14/04/2026
As Duas Bestas de Apocalipse 13: Poder Político e Falso Profeta📖
Para encerrar a noite de hoje, gostaria de trazer uma reflexão teológica acerca das duas bestas descritas no capítulo 13 do livro de Apocalipse. Embora ambas sirvam ao mesmo propósito maligno sob a autoridade do dragão, há uma clara e significativa distinção entre a Besta que surge do mar e a Besta que surge da terra.
Quero, nesta oportunidade, discorrer sobre essas diferenças, ao mesmo tempo em que reafirmo o que expus em um texto anterior: o Anticristo será um homem real, de carne e osso, nascido de mulher, que viverá todas as experiências próprias da condição humana. No tempo determinado por Deus, ele surgirá no palco mundial como um grande líder carismático e poderoso. Conforme as profecias bíblicas o descrevem — a semente da serpente, o pequeno chifre, o abominável da desolação, o homem do pecado, o filho da perdição —, esse personagem surgirá do mar, investido de grande autoridade política. Ele será auxiliado pela segunda Besta, que emerge da terra e exercerá um poder de natureza essencialmente religiosa (Ap 13:11).
Veremos, portanto, a marcante diferença entre essas duas figuras: uma que representa o poder político opressor e outra que atua como falso profeta, promovendo a adoração à primeira. Enquanto aquela que surge do mar exercerá domínio político e autoridade sobre nações e povos, a que surge da terra operará sinais enganosos e imporá o controle espiritual e econômico, servindo como instrumento de engano e imposição da marca da Besta.
Enfim, embora trabalhem para o mesmo propósito — enganar a humanidade e combater o povo de Deus —, elas possuem origens, aparências e funções diferentes.

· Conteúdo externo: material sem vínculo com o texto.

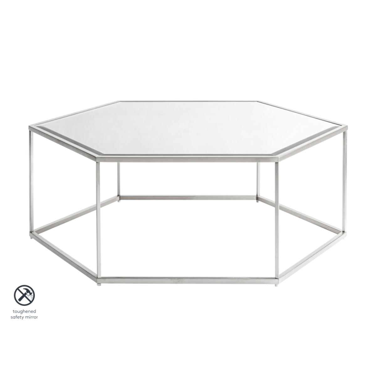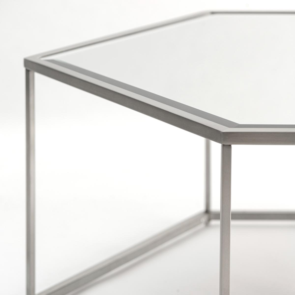 A timeless, elegant hexagonal coffee table. Brushed stainless steel frame. Extremely strong toughened mirror with deep bevelled edge. Can be used in multiples to create a large honeycomb effect centrepiece.

A Primeira Besta: Poder Político do Mar
A primeira Besta sobe do mar (Ap 13:1). Ela tem sete cabeças e dez chifres, com dez coroas sobre os chifres e nomes de blasfêmia sobre as cabeças. Sua aparência é terrível: semelhante a um leopardo, com pés como os de urso e boca como a de leão. O dragão lhe dá seu poder, seu trono e grande autoridade (Ap 13:2). Uma de suas cabeças parece ter sido ferida de morte, mas a ferida mortal é curada, o que causa grande admiração em toda a terra (Ap 13:3). Essa Besta blasfema contra Deus, faz guerra contra os santos e recebe autoridade para atuar durante quarenta e dois meses (Ap 13:5-7). Ela representa um poder político-militar opressor, frequentemente associado ao Anticristo, que recebe adoração do mundo e exerce domínio sobre tribos, povos, línguas e nações (Ap 13:7-8).

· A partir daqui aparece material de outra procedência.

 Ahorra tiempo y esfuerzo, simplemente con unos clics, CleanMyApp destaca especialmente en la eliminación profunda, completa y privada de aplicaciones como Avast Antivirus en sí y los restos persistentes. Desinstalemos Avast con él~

A Segunda Besta: Engano Religioso da Terra
Em contraste, a segunda Besta sobe da terra (Ap 13:11). Ela tem dois chifres semelhantes aos de um cordeiro, o que lhe dá uma aparência inocente e mansinha, mas fala como dragão, revelando sua verdadeira natureza maligna. Essa Besta exerce toda a autoridade da primeira na presença dela e faz com que a terra e seus habitantes adorem a primeira Besta, cuja ferida mortal havia sido curada (Ap 13:12). Ela realiza grandes sinais, como fazer descer fogo do céu à vista dos homens, e engana os habitantes da terra, convencendo-os a fazer uma imagem da primeira Besta (Ap 13:13-14). Além disso, dá fôlego à imagem para que ela fale e ordena que todos os que não a adorarem sejam mortos (Ap 13:15). Por fim, impõe a marca (o sinal da Besta) na mão direita ou na testa de todos — pequenos e grandes, ricos e pobres, livres e escravos —, de modo que ninguém possa comprar ou vender sem ter o sinal, o nome da Besta ou o número de seu nome (666) (Ap 13:16-18).
Conclusão Teológica: Aliança Contra Deus
Portanto, enquanto a primeira Besta se destaca pelo poder político, pela força destrutiva e pela exigência direta de adoração, a segunda Besta atua como um falso profeta religioso: engana por meio de sinais miraculosos, promove a adoração à primeira Besta e impõe o controle econômico e espiritual sobre as pessoas (Ap 13:11-18). Juntas, elas servem ao dragão para perseguir os santos e afastar a humanidade de Deus. Contudo, as Escrituras nos asseguram que sua autoridade é limitada e que o Cordeiro verdadeiro triunfará (Ap 17:14).